The volunteer "link" would not be an author unless he or she wanted but, but would read the GWM mailing lists and help the authors in change of this document.
The authors would take advantage of automatation: for example, they could send new versions of documents by CVS or by email, signed the gpg key of the author. The document would be checked, then the document it be put into the GWM database from which a cron file would generate the needed outputs, mail announcements of the new document, put the news in the mainpage of the GWM, notify the translation groups and send them a diff, update the metadata to increase version number, etc.
Authors may be interested in having new versions of their work online by the next day - only new submissions would require manual processing (for the initial metadata, and document approval).
Joe User is teaching Bash for a living in Québec. He needs the Bash FAQ and the Advanced Scripting guide in French and in English. He best likes the GDP, because there is a local mirror in Montréal.
His documentation reading application has GWM-4-1-en-pdf, GWM-4-1-fr-pdf, LDP-56-2-en-txt in the favorites. His documentation reading application is synchronising to the Montréal GDP mirror, which itselfs synchronises to the the LDP and GWM server.
If a new version of the FAQ in English is released, the GDP server will receive GWM-4-2-en-pdf. The next time Joe's documentation reader synchronises, it should automatically retrieve this document, and warn him a new version is now available. It should also tell him LDP-56-2-fr-txt is available as well. When the LDP-56-2-fr-txt/GWM-3-2-txt duplicate is removed from the GDP, it should automatically use GWM-3-2-txt.
Joe is quite happy with the new version of the FAQ in English, but finds an obvious typo. Mailing the bug report with GNOME Documentation Reader is easy - it's automatically sent to the email associated with the document, in which case the documentation reader opens a mail client to mailto:bash-faq@lists.gwm.gnu.org where bash-faq maintainers will read the message. The list archives being available on the web, anybody going to the document public forum will be able to see the bug report. An author can correct the typo in the document, write a new version, gpg sign it and submit it to the GWM where it will be available within hours. Joe will synchronise to this document automatically.

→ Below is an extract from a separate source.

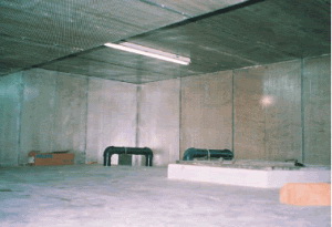 治理内容: 地下一层水箱房四周内壁和顶面安装吸声结构,控制噪声向楼层居民住房内的传递。治理效果: 实测楼面一层居民住房内噪声指标37dB(A),降噪9分贝。

When Joe goes to the GDP website to search for "bash courses", GWM-2-1-en-html is presented (the online courses). He could have requested "suggested readings" to his Documentation Browser to find this document as well.
Anyway, he really likes what he sees - so much that he wants to write a French version. For that he simply goes to gwm.gnu.org, register online as a new author and sends his document, which will be assigned within 4 days the GWM-2-1-fr-html ID by the GWM team. The ID will be propagated to collaborating documentation projects. When GWM-2-2-en-html is out, this new version will automatically be announced to Joe since he is the French translation maintainer, so that he can update it. He will be provided a diff to ease his translation work. GWM-2-2-fr-html will be automatically put online within hours since Joe signed the new version with his gpg key and sent it to the GWM.
When GWM-2-2-en-html was just out, another message was sent to the online course forum, where a member of the LDP read it. He came there to reply with help for a beginner question in the first place. Now he thinks he should help with the new version of the document, or with the info page which is not as good as the course introduction is. He knows that because he had set up his documentation reader to synchronise with the whole GWM and LDP collection of document, for offline reading.